# [Work item]
Beginning with the line that holds "Tabelle 1 zeigt", copy every remaining line of the listing below exactly, and leave the pictures out.

# [Supplied data]
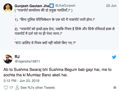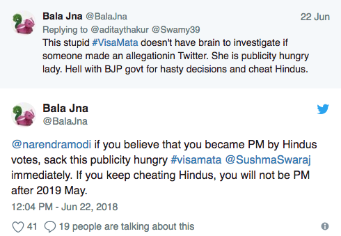 वहीं रविवार को पांच देशों की यात्रा से लौटने के बाद सुषमा ने तंज भरे शब्दों में ट्वीट किया कि वह 17 से 23 जून तक देश से बाहर थीं। उन्हें नहीं पता कि उनकी गैरमौजूदगी में क्या हुआ? लेकिन कुछ ट्वीट से सम्मानित किया गया है। इन्हें वह साझा कर रही हैं। इन्हें उन्होंने लाइक किया है। उन्होंने ट्विटर पर 100 से अधिक ट्वीट लाइक किए। इन ट्वीट में उन पर और मंत्रालय पर धर्म विशेष के लोगों का तुष्टिकरण करने का आरोप लगाया गया है।
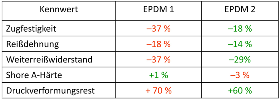 Tabelle 1 zeigt das umfassende Eigenschaftsbild nach der Langzeitlagerung in Form der prozentualen Veränderungen. EPDM 1 zeigt m Gesamtbild deutlich stärker ausgeprägte Veränderungen der mechanischen Eigenschaften im Vergleich zu EPDM 2 und kommt deshalb für die Anwendung weniger in Frage.
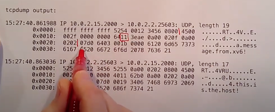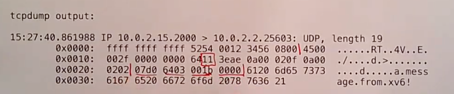接下来的8个字节是UDP header。这里的packet是由lab代码生成的packet,所以它并没有包含常见的端口,源端口是0x0700,目的端口是0x6403。第4-5个字节是长度,第6-7个字节是校验和。XV6的UDP软件并没有生成UDP的校验和。
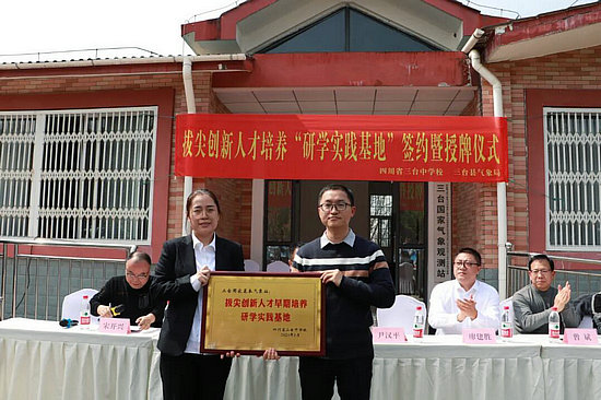 尹漢平作了《攜手奮進,共謀發(fā)展》的主題發(fā)言。他說,氣象事業(yè)是科技型、基礎性、先導性社會公益事業(yè),三臺縣氣象局以優(yōu)質的服務、精確的數據為三臺人民的生命安全、生產發(fā)展和生活品質保駕護航,也為我們的學生搭建了一個有利于樹立崇高理想、提高實踐能力的優(yōu)質平臺,本次簽約暨授牌儀式的舉行,不僅增強了三臺縣氣象局與三臺中學間的深情厚誼,也為拔尖創(chuàng)新人才早期培養(yǎng)探索了新的路徑。
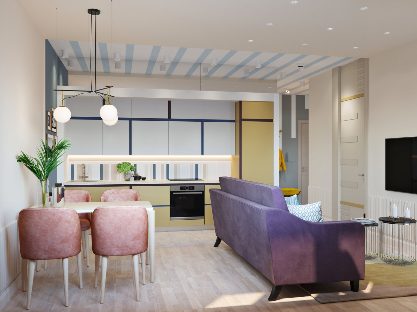Проект двухкомнатной квартиры в стиле мемфис4,1
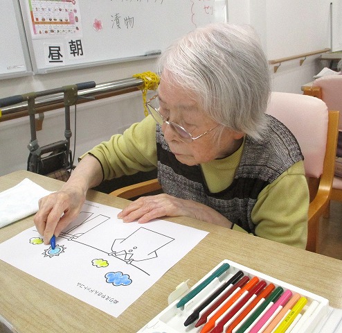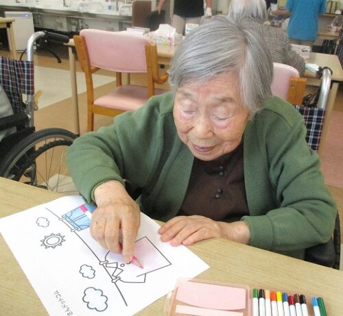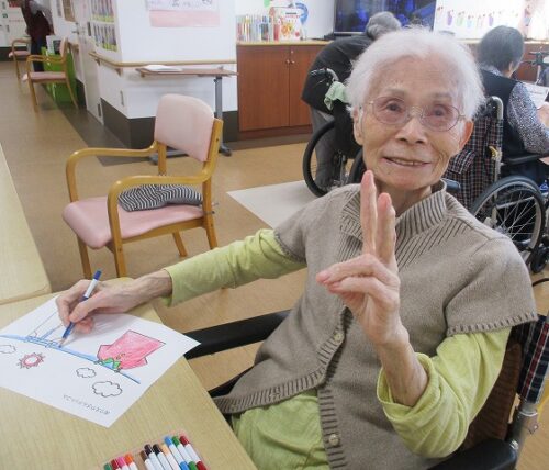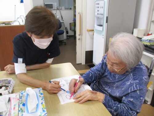さて今日は、先日行った「ぬりえレク」の様子をお伝えします!

# [Problem solution]
 Tabelle 1 zeigt das umfassende Eigenschaftsbild nach der Langzeitlagerung in Form der prozentualen Veränderungen. EPDM 1 zeigt m Gesamtbild deutlich stärker ausgeprägte Veränderungen der mechanischen Eigenschaften im Vergleich zu EPDM 2 und kommt deshalb für die Anwendung weniger in Frage.
接下来的8个字节是UDP header。这里的packet是由lab代码生成的packet,所以它并没有包含常见的端口,源端口是0x0700,目的端口是0x6403。第4-5个字节是长度,第6-7个字节是校验和。XV6的UDP软件并没有生成UDP的校验和。
 尹漢平作了《攜手奮進,共謀發(fā)展》的主題發(fā)言。他說,氣象事業(yè)是科技型、基礎性、先導性社會公益事業(yè),三臺縣氣象局以優(yōu)質的服務、精確的數據為三臺人民的生命安全、生產發(fā)展和生活品質保駕護航,也為我們的學生搭建了一個有利于樹立崇高理想、提高實踐能力的優(yōu)質平臺,本次簽約暨授牌儀式的舉行,不僅增強了三臺縣氣象局與三臺中學間的深情厚誼,也為拔尖創(chuàng)新人才早期培養(yǎng)探索了新的路徑。
Проект двухкомнатной квартиры в стиле мемфис4,1
さて今日は、先日行った「ぬりえレク」の様子をお伝えします!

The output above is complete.